Descemos até a quadra, admiramos a horta e nos dirigimos até uma das casas. Como ainda estavam terminando de limpar a sala, entramos pela porta da lavanderia. Meu pai subiu os poucos degraus, colocou a mão no batente da porta e comentou: “está firme, foi bem-feito!” Percebi a sua satisfação e orgulho por tudo estar tão bem conservado, e me lembro do texto em Col. 3.23 que diz: “Tudo o que fizerem, façam de todo o coração, como para o SENHOR e não para as pessoas.” Assim era meu pai, sempre buscando a excelência em tudo o que fazia, p.ex., conferindo o alinhamento dos azulejos.
A pandemia presente nos últimos dois anos trouxe novos e grandes desafios. As crianças, os adolescentes e suas famílias e todos nós, em certa medida, experimentamos o medo, o isolamento, a falta de alimentos, o desemprego e o luto, ao mesmo tempo em que nos solidarizamos com o outro e percebemos oportunidades para dividir.
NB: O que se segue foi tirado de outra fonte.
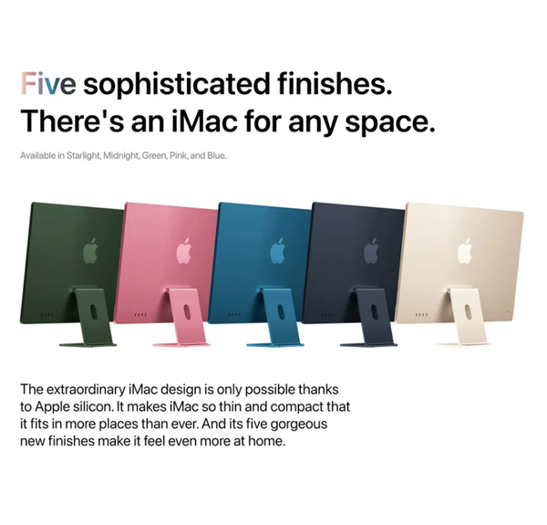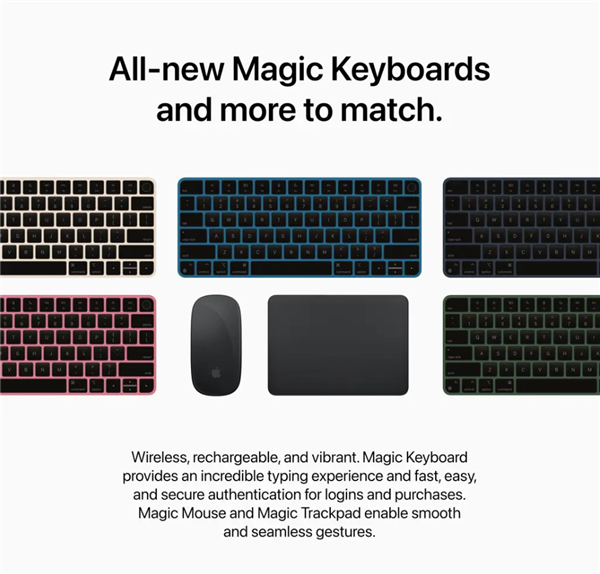 除了新的颜色选项和尺寸外,设计师还从 Studio Display 中汲取了美学线索。这意味着与 M1 iMac 上的白色边框不同,M2 iMac 概念设想了黑色边框。苹果表示,白色边框很容易与周围环境融为一体。
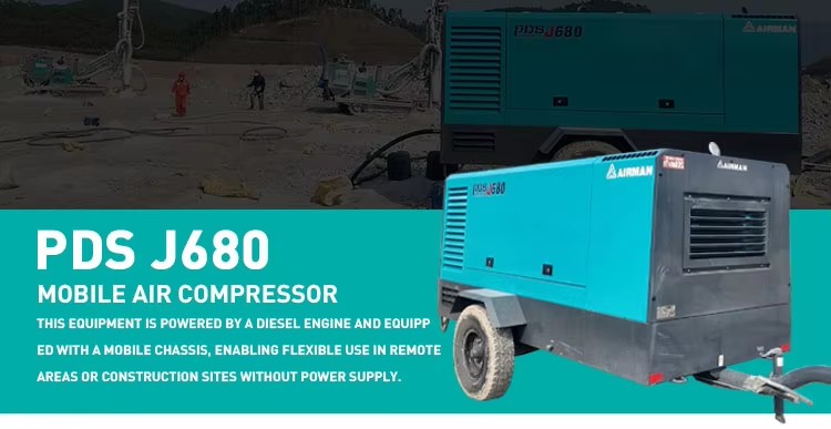 PDS J680 mobile air compressor is powered by a diesel and equipped with a mobile chassis, enabling flexible use in remote areas or construction sites without power supply.
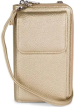 Damen Mini Bag Geldbörse mit RFID Schutz und Handyfach | Crossbody Umhängetasche mit Schultergurt | Portemonnaie und Handytasche in einem | 19 x 11 x 5,5 cm, Farbe:Gold
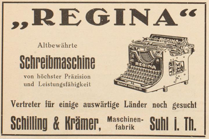 Werbeanzeige für Schreibmaschine Regina monochrom
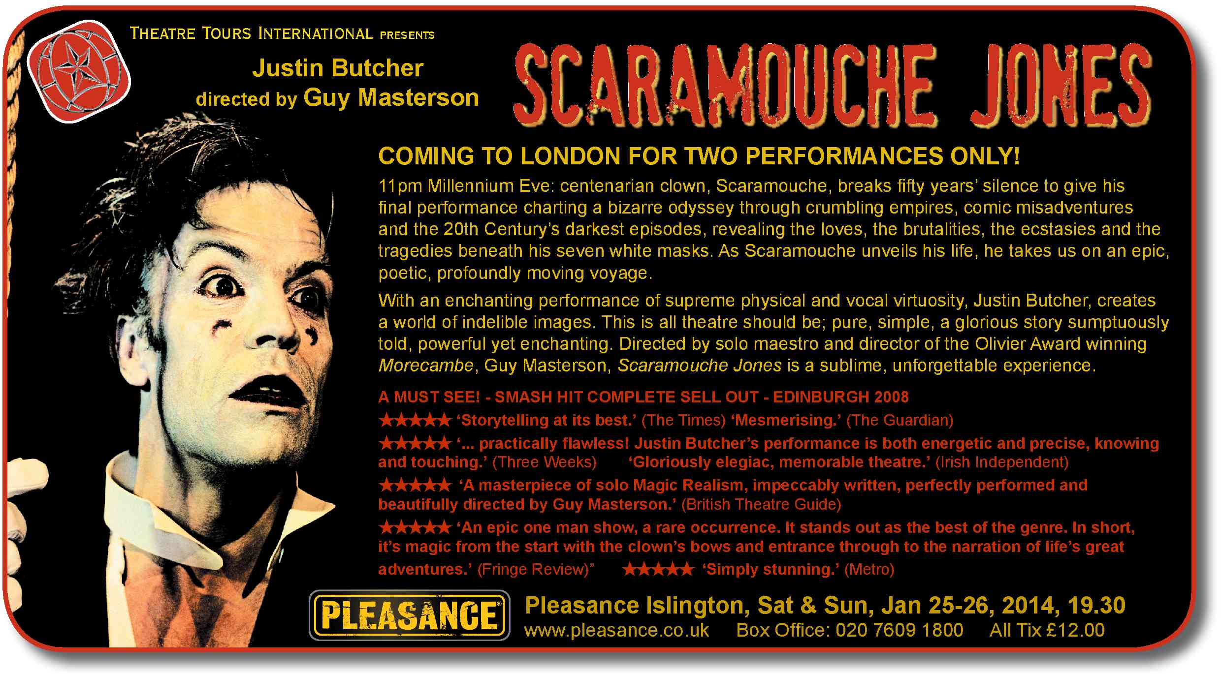 Justin Butcher invites invite you to the Pleasance Theatre, Islington, next weekend, where he is doing just 2 performances of his one-man play, Scaramouche Jones, on January 25th & 26th at 7.30pm. Box office: 020 7609 1800, or book online at http://www.pleasance.co.uk. Pleasance Theatre, North Road, London N7 9EF. Nearest tube Calendonian Road, Piccadilly line.
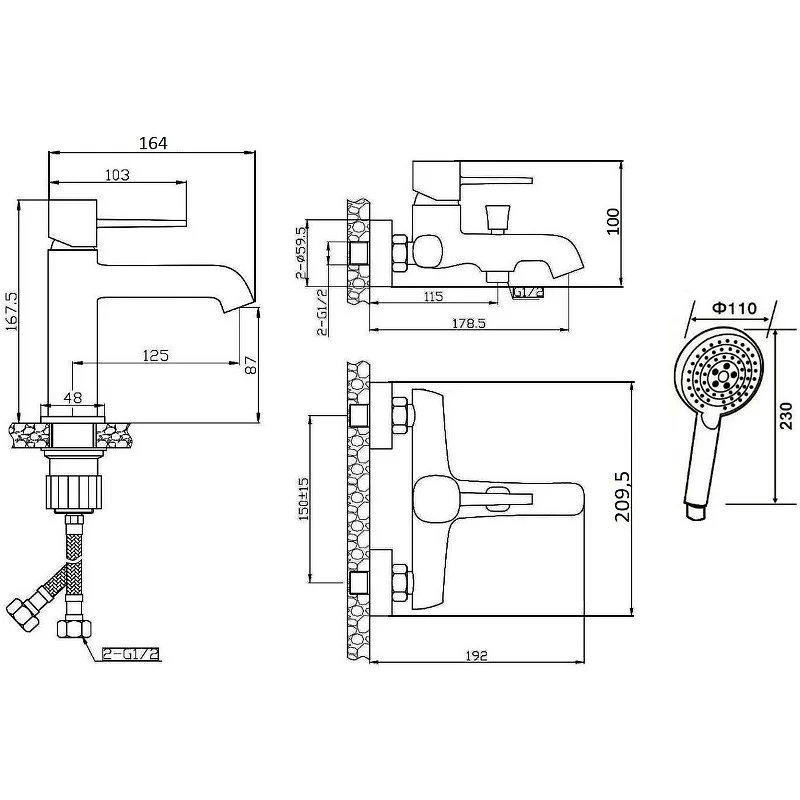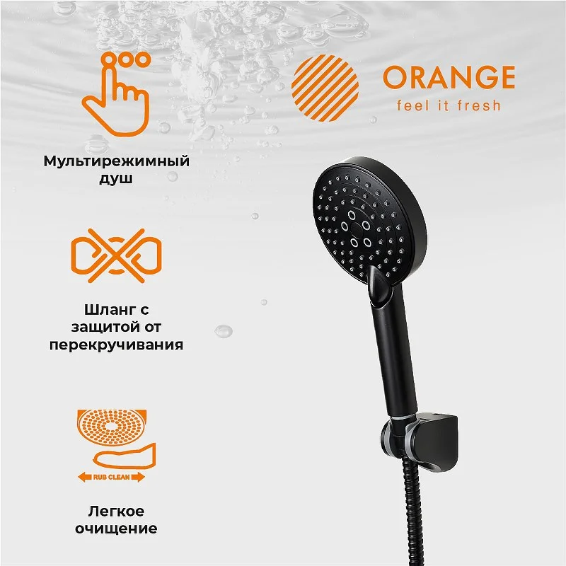 Набор смесителей для ванной комнаты Karl от немецкой компании Orange – отличный выбор для интерьера в стиле минимализм. Латунное изделие устойчиво к коррозии и высоким температурам, а черное матовое покрытие делает незаметными разводы и высохшие капли. Керамический картридж обеспечивает долговечность изделия, стабильную подачу воды и мощный напор. Излив оснащен пластиковым аэратором, он создает ровную мощную струю и легко очищается от известкового налета. В комплекте Душевой гарнитур: душевая лейка d 110 мм (3 режима струи, защита от известкового налета RUB CLEAN, с системой AIR IN), шланг в металлической оплетке 1500 мм с защитой от перекручивания, настенный держатель лейки с регулировкой угла наклона.
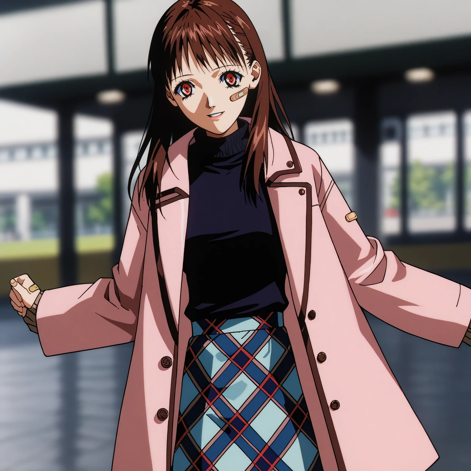duffel_coat,pink coat,turtleneck,black sweater, plaid_skirt,blue skirt,
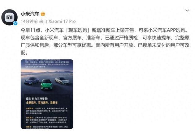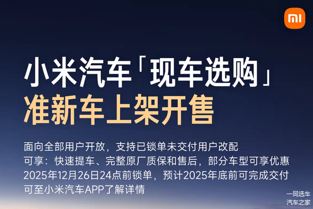 12月12日,小米汽车“现车选购”新增准新车上架开售,面向全部用户开放,支持已锁单未交付用户改配,可享完整原厂质保和守候,部分车型可享优惠,12月26日24点前锁单,预计2025年底前可完成交付。
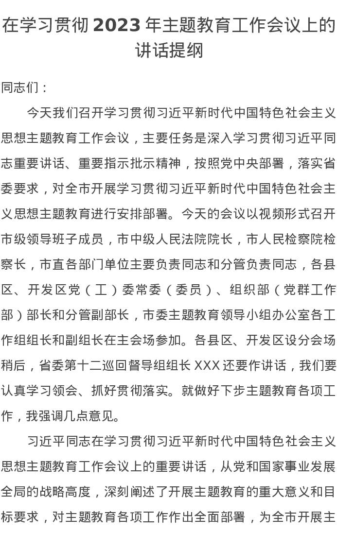 在学习贯彻2023年第二批主题教育工作会议上的讲话提纲(特色社会主义思想)
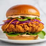 This Thai Fried Chicken Sandwich is a delicious fusion of crispy, flavorful chicken and fresh, spicy toppings. Marinated in coconut milk and curry, then fried to golden perfection, it’s a vibrant twist on a classic favorite perfect for any meal.
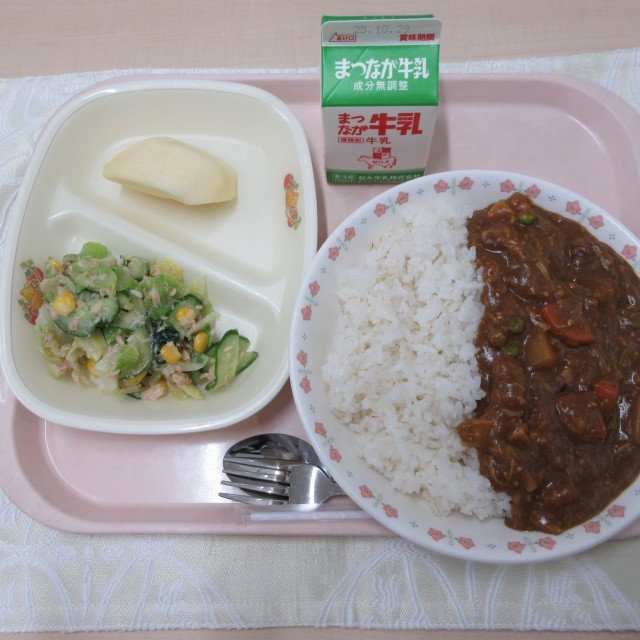 【献立】 きのこカレー 小松菜とツナのサラダ りんご 牛乳 「1日1個のりんごは医者を遠ざける」ということわざを聞いたことがありますか?りんごには、食物繊維やカリウムがたくさん含まれていて、病気から体...
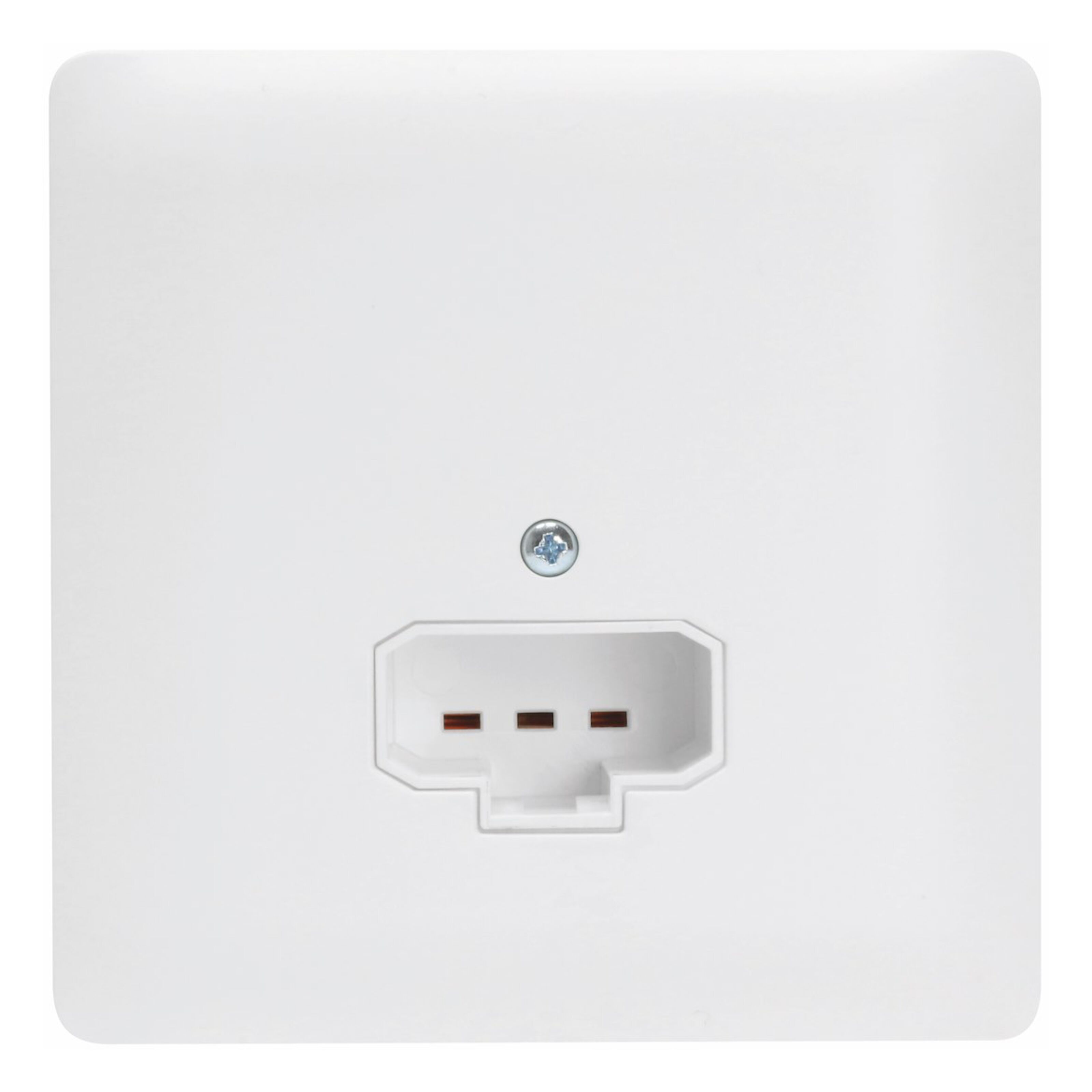 Innfelt jordet uttak for DCL-støpsel. Passer for apparatbokser, koblingsbokser og armaturbokser. Kan suppleres med forhøyningsramme for utenpåliggende montering. 250 V / 6 A. Kabelareal: 1,5 mm².

No “Núcleo Criança Feliz” não foi diferente. Contando com empresas e instituições parceiras, doadores fiéis, equipe, colaboradores, voluntários e o apoio de uma Congregação local, formada por pessoas apaixonadas por Jesus, permitiu que em 2020, 148 crianças e adolescentes fossem atendidos através da distribuição de 10 mil kg de alimentos, kits de higiene, de limpeza e máscaras; acompanhamento e atividades online, materiais didáticos e complementares e, sobretudo, mensagens de esperança.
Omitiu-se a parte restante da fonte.